- **What you are asked to do**: From the records below, print exactly the lines starting at the one containing "Tại cuộc điện" and ending at the one containing "本次江宁片初中历史集体备课研", ends included, and nothing else.

- **Supplied entries**:
BEGIN

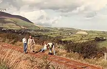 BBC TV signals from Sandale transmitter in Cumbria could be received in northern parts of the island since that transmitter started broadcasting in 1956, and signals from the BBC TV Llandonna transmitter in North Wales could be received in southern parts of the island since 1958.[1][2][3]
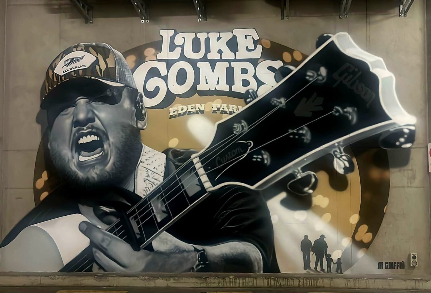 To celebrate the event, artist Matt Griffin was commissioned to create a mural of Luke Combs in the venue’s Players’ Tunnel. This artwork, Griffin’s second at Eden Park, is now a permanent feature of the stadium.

END
BEGIN

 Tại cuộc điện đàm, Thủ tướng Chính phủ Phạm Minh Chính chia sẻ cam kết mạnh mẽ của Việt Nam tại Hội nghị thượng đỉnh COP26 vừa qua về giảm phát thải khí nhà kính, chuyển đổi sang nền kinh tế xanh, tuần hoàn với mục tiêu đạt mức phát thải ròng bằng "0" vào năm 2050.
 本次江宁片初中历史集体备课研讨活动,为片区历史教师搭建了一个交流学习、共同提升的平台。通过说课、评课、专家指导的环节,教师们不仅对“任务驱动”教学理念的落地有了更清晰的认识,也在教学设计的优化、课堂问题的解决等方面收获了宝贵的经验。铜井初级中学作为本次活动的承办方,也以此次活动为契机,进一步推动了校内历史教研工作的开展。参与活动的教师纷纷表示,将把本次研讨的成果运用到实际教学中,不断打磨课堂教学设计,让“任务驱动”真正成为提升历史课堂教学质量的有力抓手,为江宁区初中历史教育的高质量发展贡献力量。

END

- **Output below**:
 Tại cuộc điện đàm, Thủ tướng Chính phủ Phạm Minh Chính chia sẻ cam kết mạnh mẽ của Việt Nam tại Hội nghị thượng đỉnh COP26 vừa qua về giảm phát thải khí nhà kính, chuyển đổi sang nền kinh tế xanh, tuần hoàn với mục tiêu đạt mức phát thải ròng bằng "0" vào năm 2050.
 本次江宁片初中历史集体备课研讨活动,为片区历史教师搭建了一个交流学习、共同提升的平台。通过说课、评课、专家指导的环节,教师们不仅对“任务驱动”教学理念的落地有了更清晰的认识,也在教学设计的优化、课堂问题的解决等方面收获了宝贵的经验。铜井初级中学作为本次活动的承办方,也以此次活动为契机,进一步推动了校内历史教研工作的开展。参与活动的教师纷纷表示,将把本次研讨的成果运用到实际教学中,不断打磨课堂教学设计,让“任务驱动”真正成为提升历史课堂教学质量的有力抓手,为江宁区初中历史教育的高质量发展贡献力量。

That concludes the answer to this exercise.